THE GREAT GATSBY THEMES:• Jazz Age / Roaring Twenties• The American Dream & the onset of the disillusionment of the American Dream (Gatsby’s dream

vs. reality)• Conflict bet. Illusion & reality (Gatsby’s dream vs reality)• Innocence vs. Experience (in Carraway the narrator)• Position of women - Honesty vs lies• Prohibition & organized crime - The Automobile• Hope & sense of purpose - Success & failure• Class conflict - Role of time

• East Egg vs. West Egg• Wilsons vs. Buchanans• Underworld lowbrows vs. Gatsby

THE GREAT GATSBY SYMBOLS: The American Dream The Green Light (at the end of Daisy’s dock) The Valley of Ashes Thy Eyes of Dr. T.J. Eckleburg (on the billboard) East Egg / Wes Egg Gatsby’s Mansion

THEMES - List any and all themes from the chapter. After each, explain the example form the chapter where this theme is illustrated / seen.
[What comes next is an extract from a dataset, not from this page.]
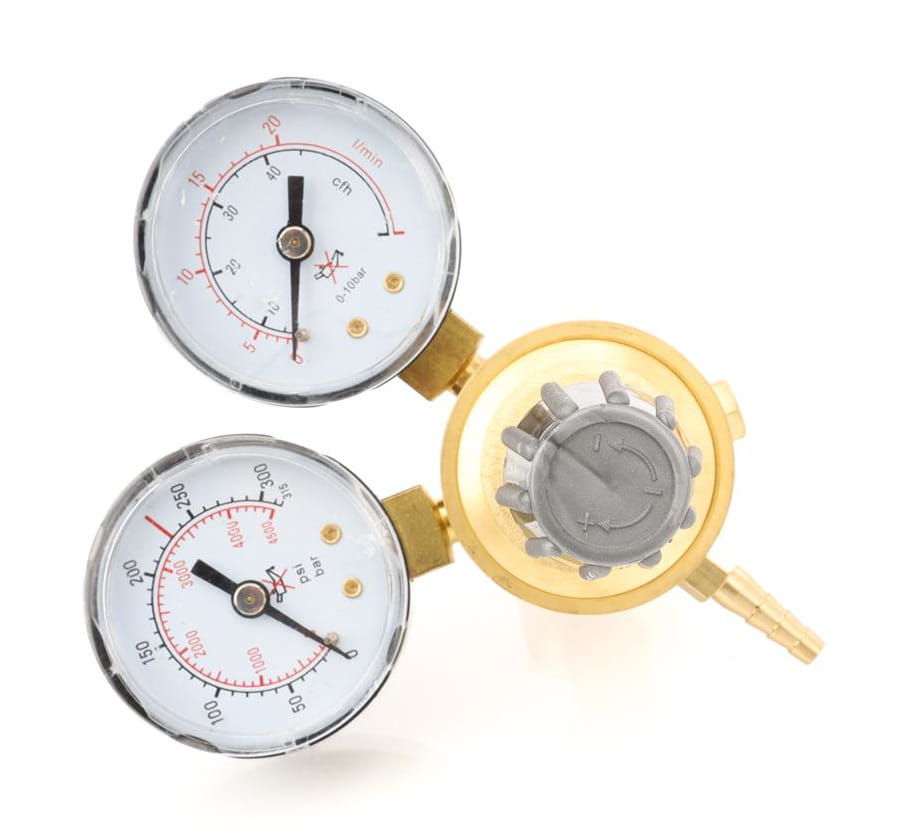 Posiada dwa manometry pozwalające na bieżąco śledzić parametry pracy oraz śrubę nastawną. Umożliwia to dostosowanie parametrów do wybranej metody spawania.

SUMMARY - Summarize the chapter. 5 sentences will suffice; lesser efforts will not!!!

QUESTIONS – Write down 5 questions about the chapter. They may not be yes / no questions. They should be open-ended, thought-provoking questions that we will use for class discussion.

TITLE – Create a title you would use for the chapter. Justify your selection by explaining why you would choose that title.

CHARACTERIZATION – Record what new information you learn about the characters from their words, their actions or what other characters say about them.

REACTION – React to the chapter you are reading. Give specific, textual examples as to why you reacted the way you did. How does the chapter make you feel? What does it remind you of? 5 sentence minimum.

BEST QUOTE – Select a quote from the chapter you think is most important or crucial to understanding what the chapter was all about. Does the quote present a theme, conflict (internal / external), does it relate to the author’s message, is it symbolic of something else? Etc. THEN, answer the above questions , explain the SIGNIFICANCE of the quote, etc.

SYMBOL / CREST - Create a symbol / crest / mural that represents the chapter. Beneath the picture, explain what the shapes, colors, objects represent from the chapter. Think symbolically.

CONNECTION - Connect what you see in the chapter to history, modern culture, film, your life, etc.

SKETCH TO STRETCH - In the box provided, sketch a scene of your choice. It should be one that sticks out for some reason – it should not just merely re-create a scene from the chapter. It should explain how somebody is feeling, a theme presented, etc. Label parts of the drawing if you wish. At the bottom of the illustration, explain which scene it is and why you chose it.

If ALL components of the homework are not met, including the minimum number of sentences for each component, you will not receive any credit.